A Large-Scale Study of Probabilistic Calibration in Neural Network Regression
This work addresses the need for accurate probabilistic predictions in regression tasks, which is crucial for optimal decision-making in various applications, though it is incremental as it builds on existing calibration research by extending it to regression.
The paper tackles the problem of probabilistic calibration in neural network regression, conducting a large-scale empirical study to assess calibration and evaluate methods like recalibration, conformal prediction, and regularization, finding that regularization offers a good tradeoff between calibration and sharpness, and post-hoc methods show superior calibration due to finite-sample coverage guarantees.
Accurate probabilistic predictions are essential for optimal decision making. While neural network miscalibration has been studied primarily in classification, we investigate this in the less-explored domain of regression.
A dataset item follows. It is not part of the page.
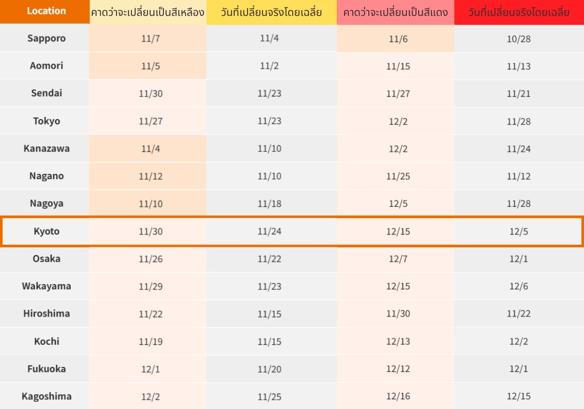 ก่อนอื่น เรามาเช็คพยากรณ์ใบไม้เปลี่ยนสีที่เกียวโตกันก่อนค่ะ (ข้อมูล ณ วันที่ 4 พ.ย. 2025)
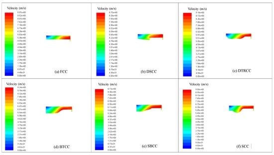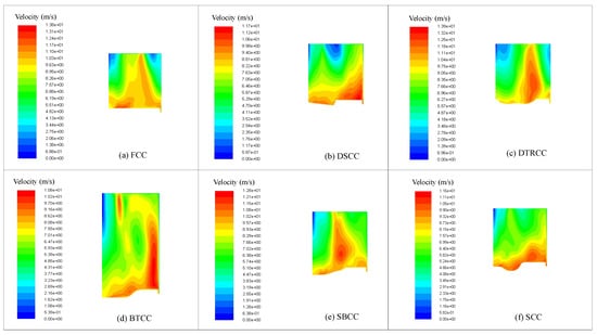 Figure 12 and Figure 13 show velocity distributions at 431 °CA and 467 °CA for different modified chambers. It is observed from the results that higher velocity magnitudes are recorded on top of the piston surface as the piston moves towards the bottom dead centre BDC. Here, the velocity counters represent two main activities: turbulence and piston work []. The high velocities situated on the piston head for the SCC (approx. 10.5 m/s) generate significantly more power during the power stroke. In the case of the FCC, the fluid streams dispersed around the piston surface, showing higher velocities than other chambers due to the absence of a bowl region. Furthermore, the DTRCC with a broader bowl exhibited poor velocity distribution due to the formation of less turbulence inside the chamber. Higher magnitude of velocity regimes, 13.9 m/s at 431 °CA and 15 m/s at 497 °CA, were noticed for the DTRCC. However, the irregular velocity stream distribution was recorded for the DSCC due to the uneven turbulence distribution of fluid streams.

We conduct the largest empirical study to date to assess the probabilistic calibration of neural networks. We also analyze the performance of recalibration, conformal, and regularization methods to enhance probabilistic calibration. Additionally, we introduce novel differentiable recalibration and regularization methods, uncovering new insights into their effectiveness. Our findings reveal that regularization methods offer a favorable tradeoff between calibration and sharpness. Post-hoc methods exhibit superior probabilistic calibration, which we attribute to the finite-sample coverage guarantee of conformal prediction. Furthermore, we demonstrate that quantile recalibration can be considered as a specific case of conformal prediction. Our study is fully reproducible and implemented in a common code base for fair comparisons.